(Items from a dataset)
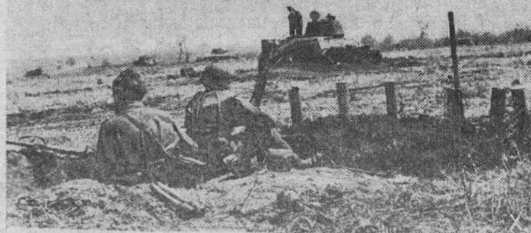
Dos soldados alemanes, centinelas en una posición avanzada del frente Este, observan las posiciones soviéticas
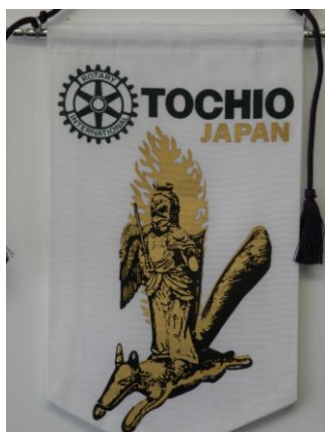
栃尾ロータリークラブ
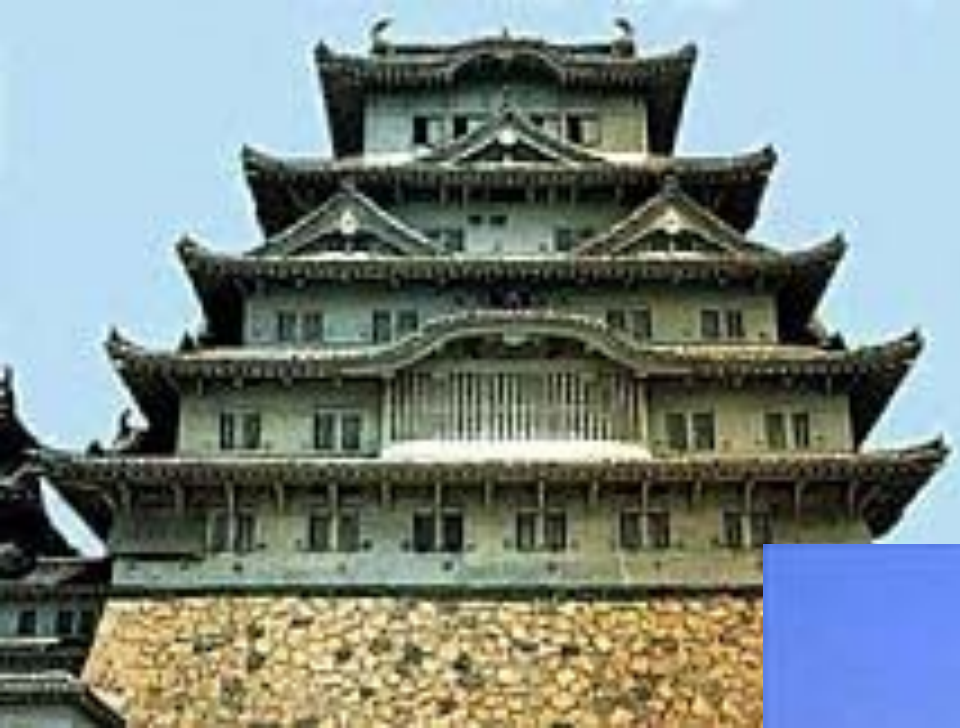
Замок Хакуродзе в Химедзи
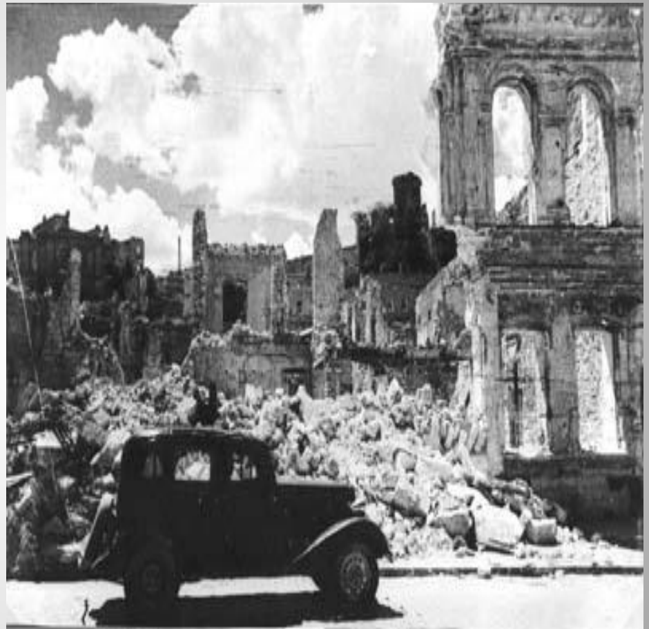
В разрушенном Севастополе 1944 года.

Защитников города постоянно поддерживали корабли флота. Прорываясь в осажденный Севастополь, они доставляли пополнения, боеприпасы, продукты питания, увозили на Большую землю раненых, стариков, женщин и детей, вели артиллерийский огонь по позициям врага. А когда надводные корабли уже не могли прорываться к Севастополю, их задачу отважно выполняли экипажи подводных лодок. Несгибаемое мужество и само отверженность проявили в дни обороны медицинские работники флота и города. За 8 месяцев обороны они спасли жизни десяткам тысяч людей, возвратили в строй 30927 раненых и 10686 больных.
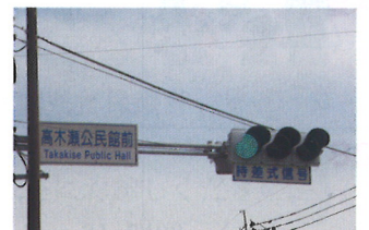
車の流れも要確認！
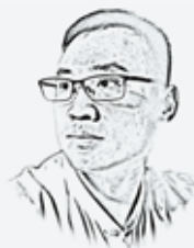
戚戚语 戚耀斌专栏
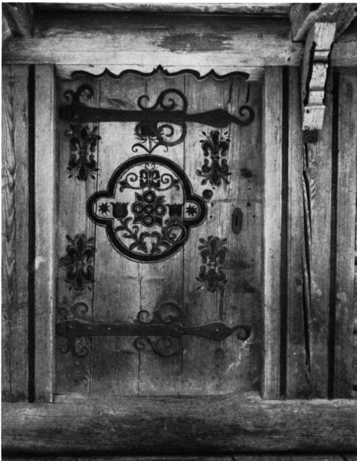
Die Speichertüre des ersten Stockwerkes Die Malereien sind im Sommer 1939 erneuert worden.
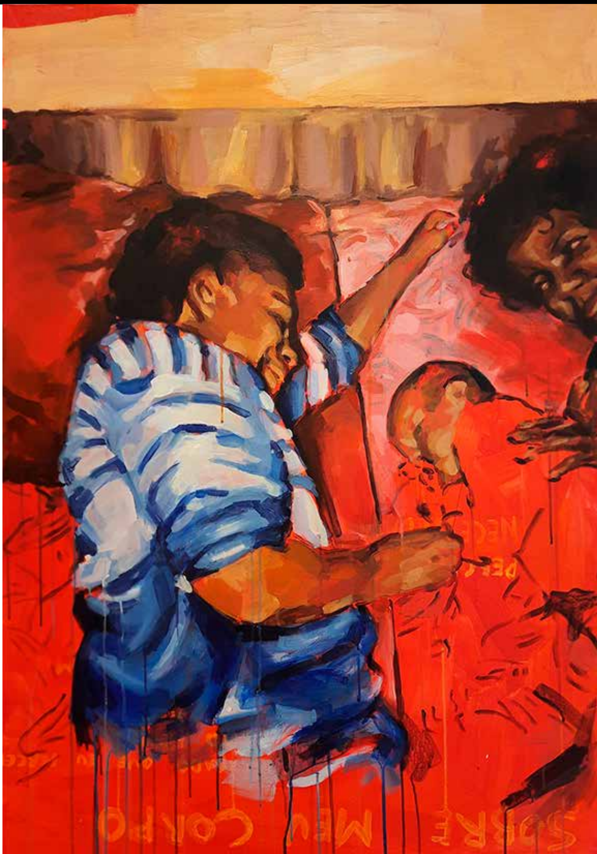
O porto, 2022. Acrílica sobre tela 116 x 81 cm.
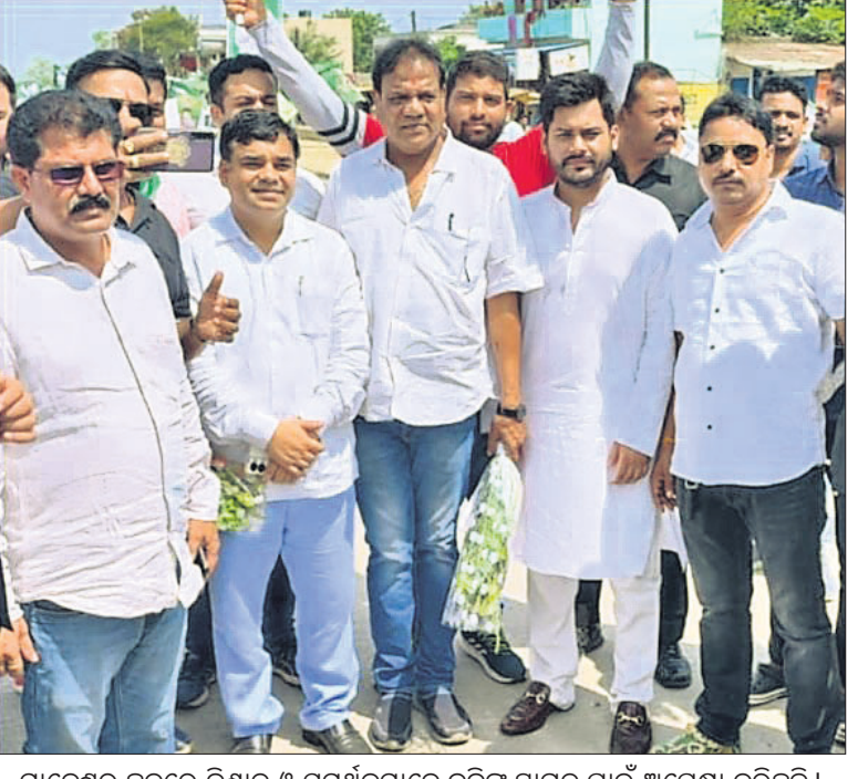
ମାନେଶ୍ୱର ଛକରେ ବିଶାଳ ଓ ସମର୍ଥକମାନେ ବବିଙ୍କୁ ସ୍ୱାଗତ ପାଇଁ ଅପେକ୍ଷା କରିଛନ୍ତି।

ସମ୍ବଲପୁରରେ ନବ ସମର୍ଥକଙ୍କ ମଧ୍ୟରେ ଉତ୍ସାହ ସମ୍ବଲପୁର, ୩୭(ଶୁଭାଶିଷ ପାଠା)
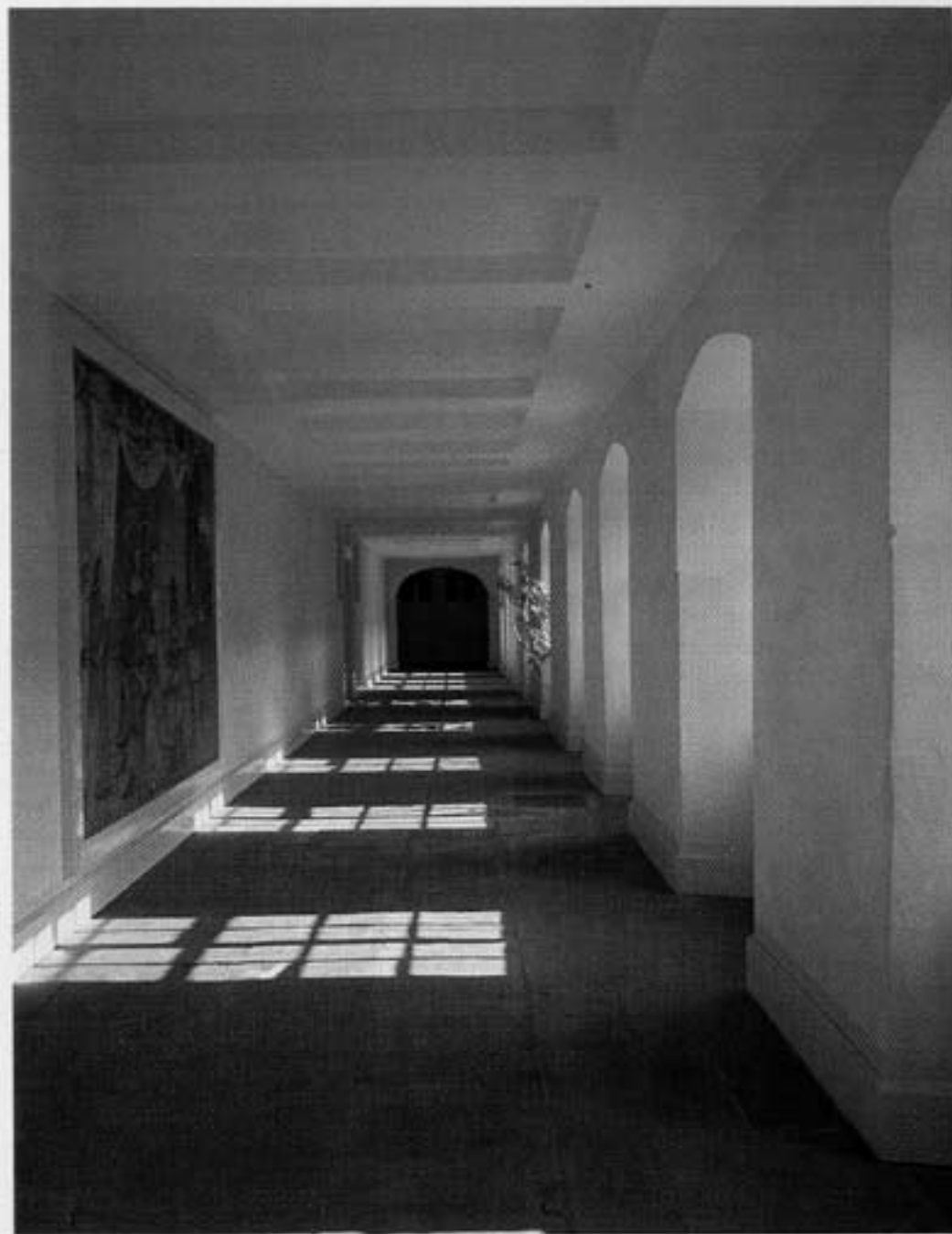
Blick in den Kloostergang

Alle Gebäude des Wiederaufbaues von 1729 – 1740 bestehen aus Bruchstein. Sie waren ursprünglich verputzt und weißlichgelb mit Kalk getüncht. Die Zutaten des 19. Jahrhunderts sind am verwendeten Ziegelmaterial erkennbar. Der Entenpfuhl, hohe Bäume und die huckelige Platzfläche geben dem Ganzen einen romantischen Anstrich.
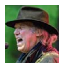
Der Musiker Neil Young.

Die Geräte der ersten Serie sollen im Oktober für 399 Dollar auf den Markt kommen, für frühe Geldgeber bei Kickstarter sind es 300 Dollar. Young kritisiert seit Jahren, dass die Musik für die Nutzung in Musikplayern und Smartphones drastisch herunterge-
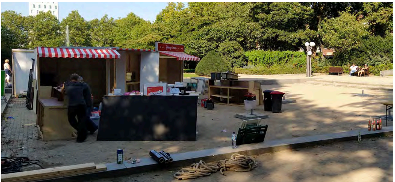
Bild 4. Das „Altonale“-Equipment ist schon weitgehend abgebaut. Hinten rechts sieht man die beschädigte Lampe aus Bild 3, bevor die Leuchtkugeln abgebaut wurden. Foto vom 14.09.2020.
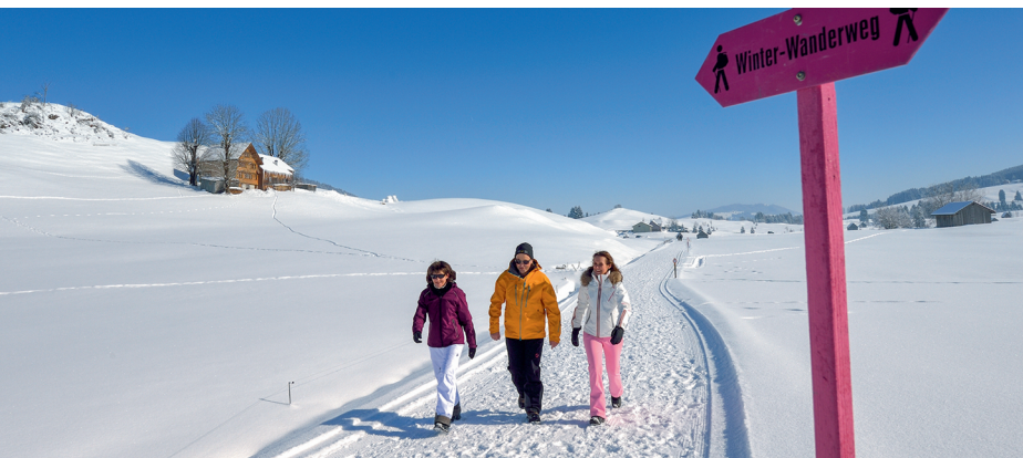
Auch im Winter ein reizvolles Wandergebiet: die Moorlandschaft Gontenmoos im Appenzellerland.

Luftseilbahn Jakobsbad - Kronberg, 071 794 12 89, www.kronberg.ch Appenzellerland Tourismus AI, 071 788 96 41, www.appenzell.ch
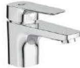
IDEAL STANDARD - serie CERAPLAN3 miscelatore lavabo finitura cromo
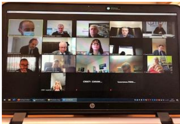
> « Cellule Départementale de Veille Économique » en visio avec le Préfet (3 février 2021)

La CAPEB 71, une organisation professionnelle en mouvement !
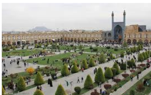
تصویر شماره ۱: میدان نقش جهان اصفهان؛ منبع: نگارندگان تصویر شماره ۲: سیتی سنتر اصفهان؛ منبع: نگارندگان
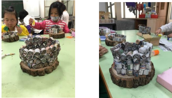
低年級學生製作燈座
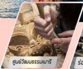
ศูนย์วัฒนธรรมเมารี
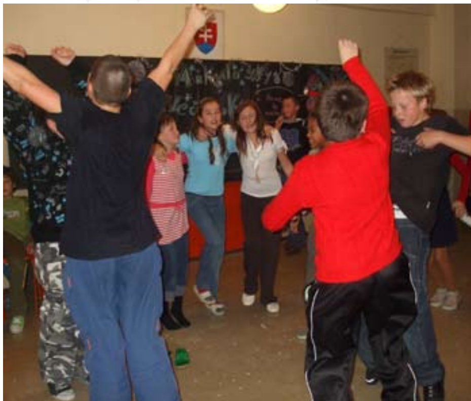
V Mikulášskom rytme
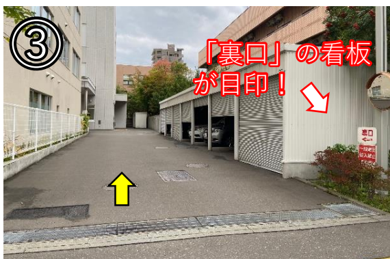
③ 右側に車庫がある通路を進む
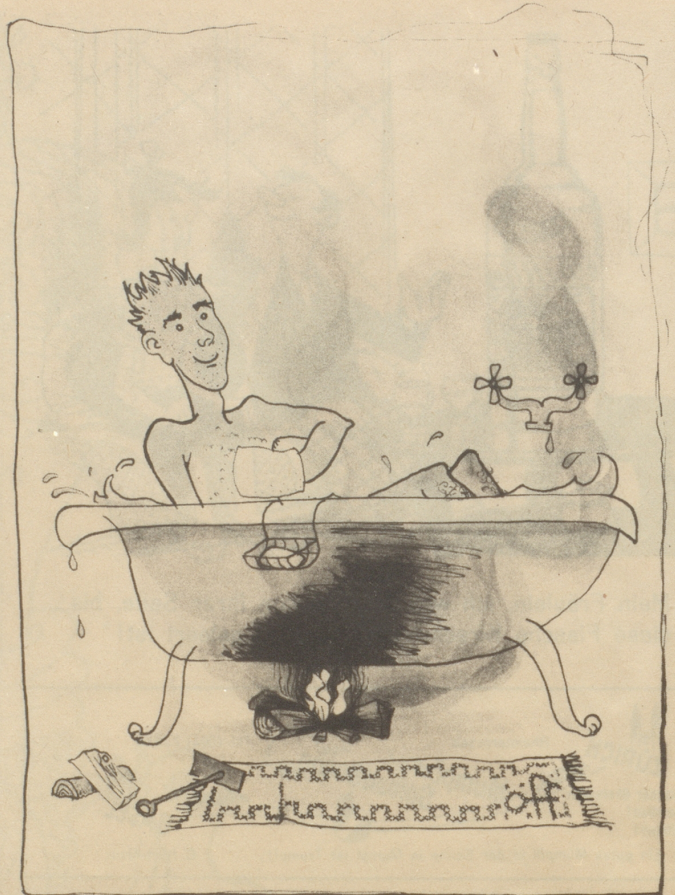
Brennholz frei — Boiler gesperrt!
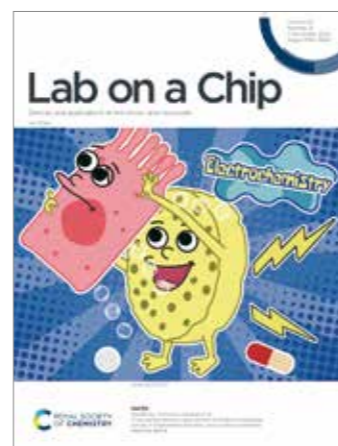
Fig. 2 Electrochemical microphysiological systems for a gut model.

## Problem requirements
Every record above must be copied exactly, and no picture may appear in the copy.

## Exercise result
Dos soldados alemanes, centinelas en una posición avanzada del frente Este, observan las posiciones soviéticas
栃尾ロータリークラブ
Замок Хакуродзе в Химедзи
В разрушенном Севастополе 1944 года.

Защитников города постоянно поддерживали корабли флота. Прорываясь в осажденный Севастополь, они доставляли пополнения, боеприпасы, продукты питания, увозили на Большую землю раненых, стариков, женщин и детей, вели артиллерийский огонь по позициям врага. А когда надводные корабли уже не могли прорываться к Севастополю, их задачу отважно выполняли экипажи подводных лодок. Несгибаемое мужество и само отверженность проявили в дни обороны медицинские работники флота и города. За 8 месяцев обороны они спасли жизни десяткам тысяч людей, возвратили в строй 30927 раненых и 10686 больных.
車の流れも要確認！
戚戚语 戚耀斌专栏
Die Speichertüre des ersten Stockwerkes Die Malereien sind im Sommer 1939 erneuert worden.
O porto, 2022. Acrílica sobre tela 116 x 81 cm.
ମାନେଶ୍ୱର ଛକରେ ବିଶାଳ ଓ ସମର୍ଥକମାନେ ବବିଙ୍କୁ ସ୍ୱାଗତ ପାଇଁ ଅପେକ୍ଷା କରିଛନ୍ତି।

ସମ୍ବଲପୁରରେ ନବ ସମର୍ଥକଙ୍କ ମଧ୍ୟରେ ଉତ୍ସାହ ସମ୍ବଲପୁର, ୩୭(ଶୁଭାଶିଷ ପାଠା)
Blick in den Kloostergang

Alle Gebäude des Wiederaufbaues von 1729 – 1740 bestehen aus Bruchstein. Sie waren ursprünglich verputzt und weißlichgelb mit Kalk getüncht. Die Zutaten des 19. Jahrhunderts sind am verwendeten Ziegelmaterial erkennbar. Der Entenpfuhl, hohe Bäume und die huckelige Platzfläche geben dem Ganzen einen romantischen Anstrich.
Der Musiker Neil Young.

Die Geräte der ersten Serie sollen im Oktober für 399 Dollar auf den Markt kommen, für frühe Geldgeber bei Kickstarter sind es 300 Dollar. Young kritisiert seit Jahren, dass die Musik für die Nutzung in Musikplayern und Smartphones drastisch herunterge-
Bild 4. Das „Altonale“-Equipment ist schon weitgehend abgebaut. Hinten rechts sieht man die beschädigte Lampe aus Bild 3, bevor die Leuchtkugeln abgebaut wurden. Foto vom 14.09.2020.
Auch im Winter ein reizvolles Wandergebiet: die Moorlandschaft Gontenmoos im Appenzellerland.

Luftseilbahn Jakobsbad - Kronberg, 071 794 12 89, www.kronberg.ch Appenzellerland Tourismus AI, 071 788 96 41, www.appenzell.ch
IDEAL STANDARD - serie CERAPLAN3 miscelatore lavabo finitura cromo
> « Cellule Départementale de Veille Économique » en visio avec le Préfet (3 février 2021)

La CAPEB 71, une organisation professionnelle en mouvement !
تصویر شماره ۱: میدان نقش جهان اصفهان؛ منبع: نگارندگان تصویر شماره ۲: سیتی سنتر اصفهان؛ منبع: نگارندگان
低年級學生製作燈座
ศูนย์วัฒนธรรมเมารี
V Mikulášskom rytme
③ 右側に車庫がある通路を進む
Brennholz frei — Boiler gesperrt!
Fig. 2 Electrochemical microphysiological systems for a gut model.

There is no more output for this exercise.